Bok said it was; and there followed the most delightful two hours with the Oxford mathematician and the Oxford don, walking about and into the wonderful college buildings, and afterward the three had a bite of lunch together. But all efforts to return to “Lewis Carroll” were futile. While saying good-by to his host, Bok remarked:
“I can’t help expressing my disappointment, Mr. Dodgson, in my quest in behalf of the thousands of American children who love you and who would so gladly welcome ‘Lewis Carroll’ back.”
The mention of children and their love for him momentarily had its effect. For an instant a different light came into the eyes, and Bok instinctively realized Dodgson was about to say something. But he checked himself. Bok had almost caught him off his guard.
“I am sorry,” he finally said at the parting at the door, “that you should be disappointed, for the sake of the children as well as for your own sake. I only regret that I cannot remove the disappointment.”
And as the trio walked to the station, the don said: “That is his attitude toward all, even toward me. He is not ‘Lewis Carroll’ to any one; is extremely sensitive on the point, and will not acknowledge his identity. That is why he lives so much to himself. He is in daily dread that some one will mention Alice in his presence. Curious, but there it is.”
Edward Bok’s next quest was to be even more disappointing; he was never even to reach the presence of the person he sought. This was Florence Nightingale, the Crimean nurse. Bok was desirous of securing her own story of her experiences, but on every hand he found an unwillingness even to take him to her house. “No use,” said everybody. “She won’t see any one. Hates publicity and all that sort of thing, and shuns the public.” Nevertheless, the editor journeyed to the famous nurse’s home on South Street, in the West End of London, only to be told that “Miss Nightingale never receives strangers.”
“But I am not a stranger,” insisted the editor. “I am one of her friends from America. Please take my card to her.”
This mollified the faithful secretary, but the word instantly came back that Miss Nightingale was not receiving any one that day. Bok wrote her a letter asking for an appointment, which was never answered. Then he wrote another, took it personally to the house, and awaited an answer, only to receive the message that “Miss Nightingale says there is no answer to the letter.”

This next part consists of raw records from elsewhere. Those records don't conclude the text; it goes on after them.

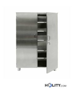 Es gibt Schränke aus Edelstahl mit Schiebe- oder Flügeltüren, die mit Schubladen, Regalen und Fächern ausgestattet sind, um das Material im Inneren besser zu organisieren.
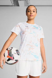 PRODUCT STORY Celebrate Earth Day in style with PUMA's latest drop. Featuring a vibrant all-over print, rib V-collar, and a bold back graphic, this jersey is perfect for making a statement. You will see this jersey worn on-pitch by selected PUMA clubs during pre-match moments on match days around the 2025 Earth Day. Join the movement and wear your passion proudly! FEATURES & BENEFITS - As part of the RE:FIBRE program, this garment is made of at least 95% recycled material from textile waste and other used materials - dryCELL: Performance technology designed to wick moisture from the body and keep you free of sweat during exercise DETAILS - Style: 659923_25 - Color: PUMA White-Light Sand - Regular fit - Double face jacquard material - Short sleeves - Ideal for training sessions, leveraging the new teamCUP jersey silhouette - All-over graphic print with earthy and water tones MATERIAL INFORMATION - Shell: 100% polyester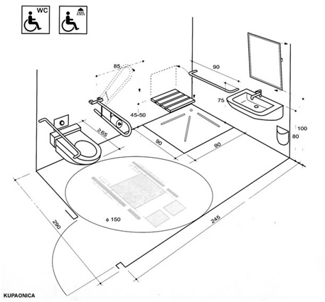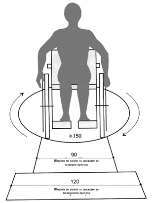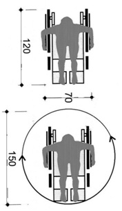 Просечна димензија на инвалидски колички е 70 х 120 цм, додека за нивно вртење во круг е потребен простор со дијаметар од 150цм. Висина која максимално може да ја допре лице во инвалидска количка е 180м, додека ширина 60цм.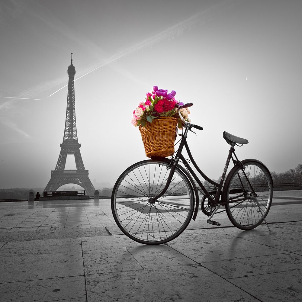 Bicycle with a basket of flowers next to the Eiffel tower Poster Print by Assaf Frank # AF201203161105C09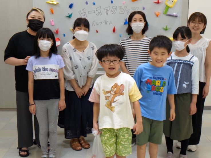 親子でクッキングを楽しみながら、平和について考えようと、8月6日、ベルフ青山で「親子クッキング」を開催。親子3組10人が参加しました。はじめに、8月6日の「広島平和記念日」にちなみ、ヒロシマの原爆に関する絵本の読み聞かせ。前段で、原爆の熱と爆風のすさまじさをわかりやすくお話いただいたあと、観賞した作品は「わたしのヒロシマ」(森本順子 著)。

Bok had with such remarkable uniformity secured whatever he sought, that these experiences were new to him. Frankly, they puzzled him. He was not easily baffled, but baffled he now was, and that twice in succession. Turn as he might, he could find no way in which to reopen an approach to either the Oxford tutor or the Crimean nurse. They were plainly too much for him, and he had to acknowledge his defeat. The experience was good for him; he did not realize this at the time, nor did he enjoy the sensation of not getting what he wanted. Nevertheless, a reverse or two was due. Not that his success was having any undesirable effect upon him; his Dutch common sense saved him from any such calamity. But at thirty years of age it is not good for any one, no matter how well balanced, to have things come his way too fast and too consistently. And here were breaks. He could not have everything he wanted, and it was just as well that he should find that out.
In his next quest he found himself again opposed by his London friends. Unable to secure a new Alice in Wonderland for his child readers, he determined to give them Kate Greenaway. But here he had selected another recluse. Everybody discouraged him. The artist never saw visitors, he was told, and she particularly shunned editors and publishers. Her own publishers confessed that Miss Greenaway was inaccessible to them. “We conduct all our business with her by correspondence. I have never seen her personally myself,” said a member of the firm.
Bok inwardly decided that two failures in two days were sufficient, and he made up his mind that there should not be a third. He took a bus for the long ride to Hampstead Heath, where the illustrator lived, and finally stood before a picturesque Queen Anne house that one would have recognized at once, with its lower story of red brick, its upper part covered with red tiles, its windows of every size and shape, as the inspiration of Kate Greenaway’s pictures. As it turned out later, Miss Greenaway’s sister opened the door and told the visitor that Miss Greenaway was not at home.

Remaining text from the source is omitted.